For this reason we must be especially on our guard against the flatterer in the matter of his praises. But of this he is not unconscious himself, and he is adroit at guarding against the breath of suspicion. If, for example, he gets hold of some coxcomb, or a rustic wearing a thick coat of skin, he indulges his raillery without limit, just as Strouthias, in the play, walks all over Bias, and takes a fling at his stupidity by such praise as this:

More you have drunk Than royal Alexander,[*](From the Flatterer of Menander; Kock, Com. Att. Frag. iii., Menander, No. 293.)
and
Ha! ha! A good one on the Cyprian,[*](Ibid. No. 29.)
But as for the more clever people, he observes that
they are particularly on the look-out for him in this quarter, that they stand well upon their guard in this place and region; so he does not deploy his praise in a frontal attack, but fetches a wide circuit, and
Approaches noiseless as to catch a beast,[*](Source unknown.)
touching and handling him. Now he will report other people’s praise of him, quoting another’s words as public speakers do, how he had the pleasure of meeting in the market-place with some strangers or elderly men, who recounted many handsome things of him and expressed their admiration; then again, he will fabricate and concoct some trivial and false accusation against him, which he feigns to have heard from others, and comes up in hot haste to inquire when it was he said this or when it was he did that. And if the man denies the thing, as he naturally will, then on the instant the flatterer seizes him and launches him into a flood of praise: I wondered if you did speak ill of any of your good friends, since it is not your nature to speak ill even of your enemies, or if you did make any attempt on other’s property when you give away so much of your own.

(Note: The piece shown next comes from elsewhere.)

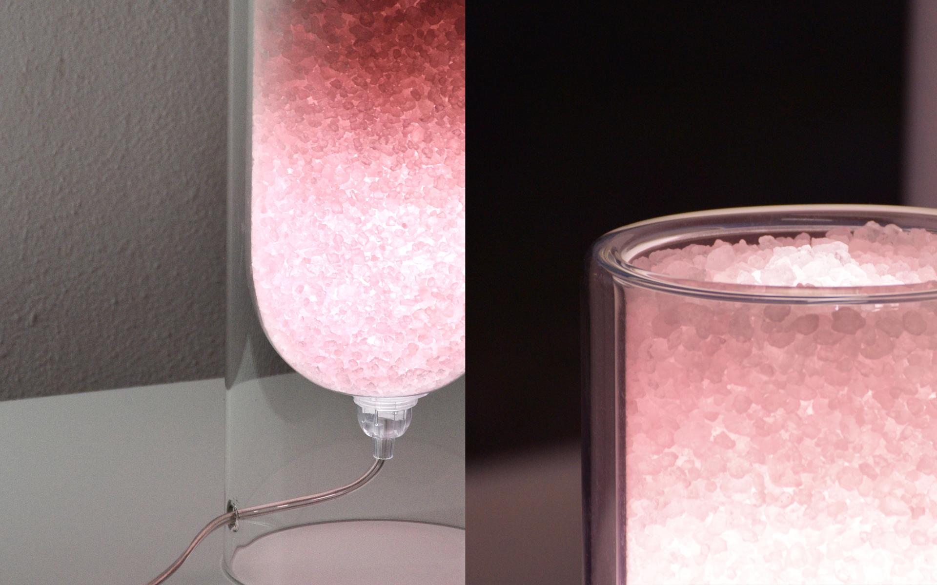 Rocklumìna was designed as an object capable of silent interactions with its user. Already from the first prototype, it was seen how the soft but strong light emanating from the crystals could be useful as a well-being tool for mood. In fact, taking a cue from the techniques for treating patients through artificial light (Light Therapy in psychology), the aim was to recreate within the project space the same effect present in the salt mines, in which non-dazzling reflections envelop the eyes of visitors, arousing an almost hypnotic feeling of relaxation.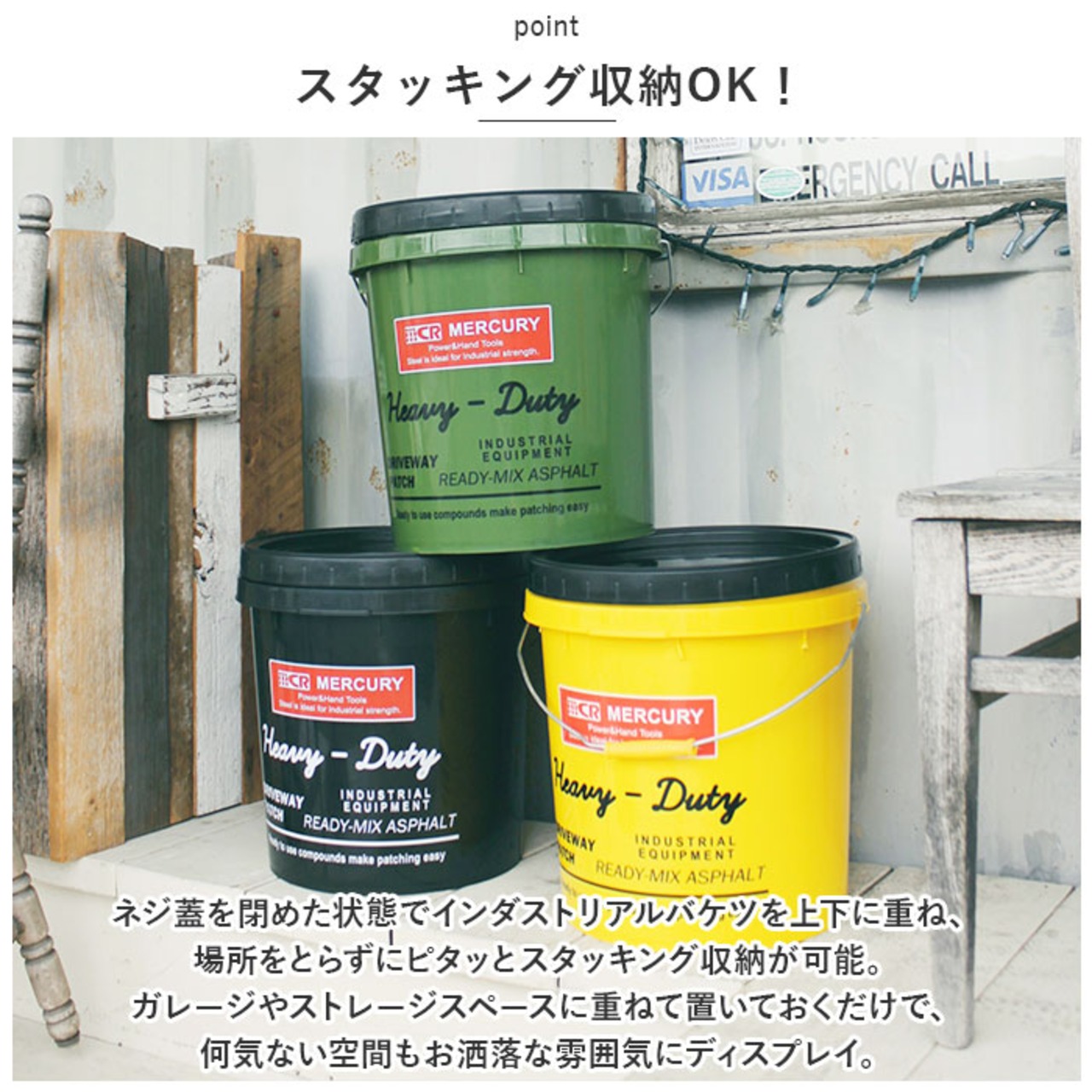 ・ネジ蓋を閉めた状態でインダストリアルバケツを上下に重ね、場所をとらずにピタッとスタッキング収納が可能。ガレージやストレージスペースに重ねて置いておくだけで、何気ない空間もお洒落な雰囲気にディスプレイ。

Others, like painters who set off bright and brilliant colours by laying- on dark and sombre tints close beside them, covertly praise and foster the vices to which their victims are addicted by condemning and abusing, or disparaging and ridiculing, the opposite qualities. Among the profligate they condemn frugality as rusticity; and among avaricious evil-doers, whose wealth is gained from shameful and unscrupulous deeds, they condemn contented independence and honesty as the want

of courage and vigour for active life; but when they associate with the easy-going and quiet people who avoid the crowded centres of the cities, they are not ashamed to call public life a troublesome meddling with others’ affairs, and ambition unprofitable vainglory. Often enough a way to flatter a public speaker is to disparage a philosopher, and with lascivious women great repute is gained by those who brand faithful and loving wives as cold and countrified. But here is the height of depravity, in that the flatterers do not spare their own selves. For as wrestlers put their own bodies into a lowly posture in order to throw their opponents, so flatterers, by blaming themselves, pass surreptitiously into admiration for their neighbours: I am a miserable coward on the water, I have no stomach for hardships, I go mad with anger when anyone speaks ill of me; but for this man here, he says, nothing has any terrors, nothing any hardship, but he is a singular person; he bears everything with good humour, everything without distress. But if there be somebody who imagines himself possessed of great sense, and desires to be downright and uncompromising, who because he poses as an upright man, forsooth, always uses as a defence and shield this line:
Son of Tydeus, praise me not too much, nor chide me,[*](Homer, Il. x. 249.)
the accomplished flatterer does not approach him by this road, but there is another device to apply to a man of this sort. Accordingly the flatterer comes to consult with him about his own affairs, as with one obviously his superior in wisdom, and says that while he has other friends more intimate yet he
finds it necessary to trouble him. For where can we resort who are in need of counsel, and whom can we trust? Then having heard whatever the other may say, he asserts that he has received, not counsel, but the word of authority; and with that he takes his departure. And if he observes that the man lays some claim to skill in letters, he gives him some of his own writings, and asks him to read and correct them. Mithridates, the king, posed as an amateur physician, and some of his companions offered themselves to be operated upon and cauterized by him, thus flattering by deeds and not by words; for he felt that their confidence in him was a testimony to his skill.
In many a guise do the gods appear,[*](From thes tock lines used at the close of the Alcestis, the Andromache, the Bacchae, and the Helena, of Euripides.)
and this class of dissimulated praise, which calls for a more cunning sort of precaution, is to be brought to light by deliberately formulating absurd advice and suggestions, and by making senseless corrections. For if he fails to contradict anything, if he assents to everything and accepts it, and at each suggestion exclaims good and excellent, he makes it perfectly plain that he
The password asks, to gain some other end,[*](Nauck, Trag. Graec. Frag., Adesp. No. 365.)
his real desire being to praise his victim and to puff him up all the more.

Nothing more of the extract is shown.